Ее били Но удары эхом в теле. Без боли. Так бывает, когда на телеграфном столбе сидишь, по которому лупят кувалдой: столб дрожит, а тебе не больно.
Потом снова была звенящая тьма.
Потом она вернулась из тьмы. Но уже не свирепой неандертальской красавицей, но комсомолкой Настей Стрелецкой. Настей Жар-птицей.
Ее тащили к яме. Она знала — на исполнение. Она смеялась над ними. Она знала, что победила Правило старое: хочешь легкой смерти — целуй сапог. Не хочешь целовать — смерти легкой не получишь. Они не сумели заставить ее кричать. Они не сумели заставить ее целовать сапог, и все же она отвоевала себе право легкой смерти. Она победила их. Она знала это. И они знали.
Ее тащили за руки, а ноги — по песку. По кочкам. По ямкам. По кореньям.
Разинула пасть могильная яма. Посыпались в яму комья мокрого белого песка из-под яловых сапог исполнителей. И увидела она разом всех тех, кого, расстреляли сегодня. Теплых еще. Парит яма, отдавая весне тепло человеческих тел.
Много в яме. До краев. Все мертвые глаза разом на нее смотрят.
На живую.
Пока живую.
У гнули ей голову над ямой. Рассматривай содержимое. И корешки сосновые рассматривай, и лопаты на отвале песка, и головы, головы, головы с раскрытыми ртами, с высунутыми языками, с полуприкрытыми теперь уже навеки глазами.
И не думала она, не гадала, что уйти из этой жизни выпадет под звуки бессмертного вальса «Амурские волны». Но выпало так. Где-то далеко-далеко за березовой рощей, за лесным озером тихо струилась мелодия. И никто не слышал ее А она слышала.
Она знала, что это именно та мелодия. Что это для нее. Что вальс гремит и зовет ее не уходить. Но она-то знала, что пришло время уходить. Уходить в кучу переплетенных мягких тел. Уходить из одуряющих запахов весны в запах спекшейся крови, в запах мясной лавки, в запах мокрого песка и сосновых корней.
А ведь все для нее так славно начиналось.
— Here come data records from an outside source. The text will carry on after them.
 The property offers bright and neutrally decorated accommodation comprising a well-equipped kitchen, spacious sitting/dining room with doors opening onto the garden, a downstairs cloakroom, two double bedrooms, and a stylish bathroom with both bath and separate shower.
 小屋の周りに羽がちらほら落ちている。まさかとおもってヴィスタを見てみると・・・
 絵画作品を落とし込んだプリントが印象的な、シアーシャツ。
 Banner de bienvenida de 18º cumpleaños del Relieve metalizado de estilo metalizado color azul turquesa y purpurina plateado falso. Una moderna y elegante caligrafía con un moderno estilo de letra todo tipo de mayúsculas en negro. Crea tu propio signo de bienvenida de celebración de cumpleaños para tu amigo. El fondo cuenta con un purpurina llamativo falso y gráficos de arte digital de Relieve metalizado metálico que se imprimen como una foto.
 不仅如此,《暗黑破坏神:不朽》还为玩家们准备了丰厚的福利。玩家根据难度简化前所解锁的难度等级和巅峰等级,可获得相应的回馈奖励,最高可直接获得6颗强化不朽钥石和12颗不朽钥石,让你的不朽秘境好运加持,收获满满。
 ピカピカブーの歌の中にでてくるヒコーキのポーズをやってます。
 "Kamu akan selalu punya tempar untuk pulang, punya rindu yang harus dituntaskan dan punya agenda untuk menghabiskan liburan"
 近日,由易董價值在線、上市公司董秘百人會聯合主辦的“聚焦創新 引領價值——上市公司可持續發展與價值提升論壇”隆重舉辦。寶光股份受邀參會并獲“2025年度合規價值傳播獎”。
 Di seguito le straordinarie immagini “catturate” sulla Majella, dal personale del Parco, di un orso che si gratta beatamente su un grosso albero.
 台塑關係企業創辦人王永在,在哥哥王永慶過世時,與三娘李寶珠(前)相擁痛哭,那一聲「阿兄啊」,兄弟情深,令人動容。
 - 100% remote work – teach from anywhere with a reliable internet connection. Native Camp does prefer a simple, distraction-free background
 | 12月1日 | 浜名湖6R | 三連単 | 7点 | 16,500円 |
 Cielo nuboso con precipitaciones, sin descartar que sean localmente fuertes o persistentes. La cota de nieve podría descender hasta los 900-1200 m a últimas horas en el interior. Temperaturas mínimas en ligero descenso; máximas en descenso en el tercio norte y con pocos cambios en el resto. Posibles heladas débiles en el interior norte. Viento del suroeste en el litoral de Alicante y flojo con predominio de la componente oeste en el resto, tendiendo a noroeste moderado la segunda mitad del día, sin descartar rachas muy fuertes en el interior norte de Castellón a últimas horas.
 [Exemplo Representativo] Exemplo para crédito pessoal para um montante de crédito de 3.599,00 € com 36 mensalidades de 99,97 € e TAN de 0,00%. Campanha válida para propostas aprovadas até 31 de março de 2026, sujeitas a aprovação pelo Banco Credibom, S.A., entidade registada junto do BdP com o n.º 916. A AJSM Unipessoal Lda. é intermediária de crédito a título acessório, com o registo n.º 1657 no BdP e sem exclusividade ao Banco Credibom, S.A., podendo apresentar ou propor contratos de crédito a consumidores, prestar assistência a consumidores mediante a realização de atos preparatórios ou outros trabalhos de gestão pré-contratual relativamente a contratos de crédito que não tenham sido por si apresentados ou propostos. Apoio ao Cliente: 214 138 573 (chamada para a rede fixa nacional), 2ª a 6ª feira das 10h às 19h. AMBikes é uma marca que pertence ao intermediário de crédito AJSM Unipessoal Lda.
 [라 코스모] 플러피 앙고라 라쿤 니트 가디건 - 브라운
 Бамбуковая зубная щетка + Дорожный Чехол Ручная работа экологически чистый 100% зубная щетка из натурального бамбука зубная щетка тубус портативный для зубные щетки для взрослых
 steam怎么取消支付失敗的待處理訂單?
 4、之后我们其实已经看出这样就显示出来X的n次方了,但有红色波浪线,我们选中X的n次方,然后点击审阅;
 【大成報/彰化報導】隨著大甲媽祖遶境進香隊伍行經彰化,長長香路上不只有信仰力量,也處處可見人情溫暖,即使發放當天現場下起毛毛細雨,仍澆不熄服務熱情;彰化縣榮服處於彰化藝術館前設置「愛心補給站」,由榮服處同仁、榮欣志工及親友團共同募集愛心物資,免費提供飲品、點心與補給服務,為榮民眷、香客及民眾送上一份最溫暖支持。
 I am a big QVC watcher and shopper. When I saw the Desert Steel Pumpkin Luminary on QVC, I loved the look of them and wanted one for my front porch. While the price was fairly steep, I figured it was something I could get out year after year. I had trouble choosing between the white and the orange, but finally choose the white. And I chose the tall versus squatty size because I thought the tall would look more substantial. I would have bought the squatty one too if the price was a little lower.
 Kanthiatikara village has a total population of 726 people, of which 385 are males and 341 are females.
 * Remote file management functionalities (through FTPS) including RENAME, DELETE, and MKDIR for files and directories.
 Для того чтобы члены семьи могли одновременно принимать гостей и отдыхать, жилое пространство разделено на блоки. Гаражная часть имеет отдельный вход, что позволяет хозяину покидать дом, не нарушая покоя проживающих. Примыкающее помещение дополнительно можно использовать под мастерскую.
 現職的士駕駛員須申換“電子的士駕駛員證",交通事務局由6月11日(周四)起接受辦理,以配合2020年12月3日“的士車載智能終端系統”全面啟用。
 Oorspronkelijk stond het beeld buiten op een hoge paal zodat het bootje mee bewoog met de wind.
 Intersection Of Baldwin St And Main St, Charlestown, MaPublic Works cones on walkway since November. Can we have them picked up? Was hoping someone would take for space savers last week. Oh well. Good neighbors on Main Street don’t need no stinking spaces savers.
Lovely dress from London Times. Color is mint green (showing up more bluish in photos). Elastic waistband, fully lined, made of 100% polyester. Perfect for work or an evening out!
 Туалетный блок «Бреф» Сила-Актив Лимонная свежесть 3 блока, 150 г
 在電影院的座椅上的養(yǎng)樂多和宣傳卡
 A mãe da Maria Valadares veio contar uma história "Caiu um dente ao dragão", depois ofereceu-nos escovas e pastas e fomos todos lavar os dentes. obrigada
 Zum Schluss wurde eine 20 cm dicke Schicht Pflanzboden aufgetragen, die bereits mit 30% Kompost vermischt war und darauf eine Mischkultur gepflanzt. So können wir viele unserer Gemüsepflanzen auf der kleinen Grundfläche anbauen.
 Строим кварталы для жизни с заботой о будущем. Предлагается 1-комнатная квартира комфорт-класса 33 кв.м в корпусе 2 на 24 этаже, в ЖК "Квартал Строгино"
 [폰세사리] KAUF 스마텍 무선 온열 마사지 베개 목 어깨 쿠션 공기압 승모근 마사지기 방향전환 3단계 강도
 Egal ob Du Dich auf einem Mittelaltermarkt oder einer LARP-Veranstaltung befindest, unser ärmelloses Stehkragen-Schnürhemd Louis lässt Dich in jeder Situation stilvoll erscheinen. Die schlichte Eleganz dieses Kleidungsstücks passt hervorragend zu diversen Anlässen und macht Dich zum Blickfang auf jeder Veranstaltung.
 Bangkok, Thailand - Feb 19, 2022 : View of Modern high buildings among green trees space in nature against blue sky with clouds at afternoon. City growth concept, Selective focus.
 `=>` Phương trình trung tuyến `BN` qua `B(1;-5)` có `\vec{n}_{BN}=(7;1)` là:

Впрочем, и завершается неплохо: не забита сапогами, но расстреляна.
Расстреляна.
Главное в жизни — умереть правильно. Красиво умереть.
Всем хочется красиво жить. Но каждому все остальные мешают жить, как хочется.
А умереть красиво никто не мешает. И этим надо пользоваться. Но мало кто пользуется. А она возможностью умереть красиво воспользовалась. И удалось. А время остановилось. Застыло. Потом пошло вновь медленно-медленно. Над правым ее ухом лязгнул пистолетный затвор. Этот лязг она узнала: «Лахти Л-35».
И грянул выстрел.
А начиналось все так славно…
ГЛАВА 1
Началось все с того, что построил инструктор Скворцов парашютную команду и сказал: «Здрассте».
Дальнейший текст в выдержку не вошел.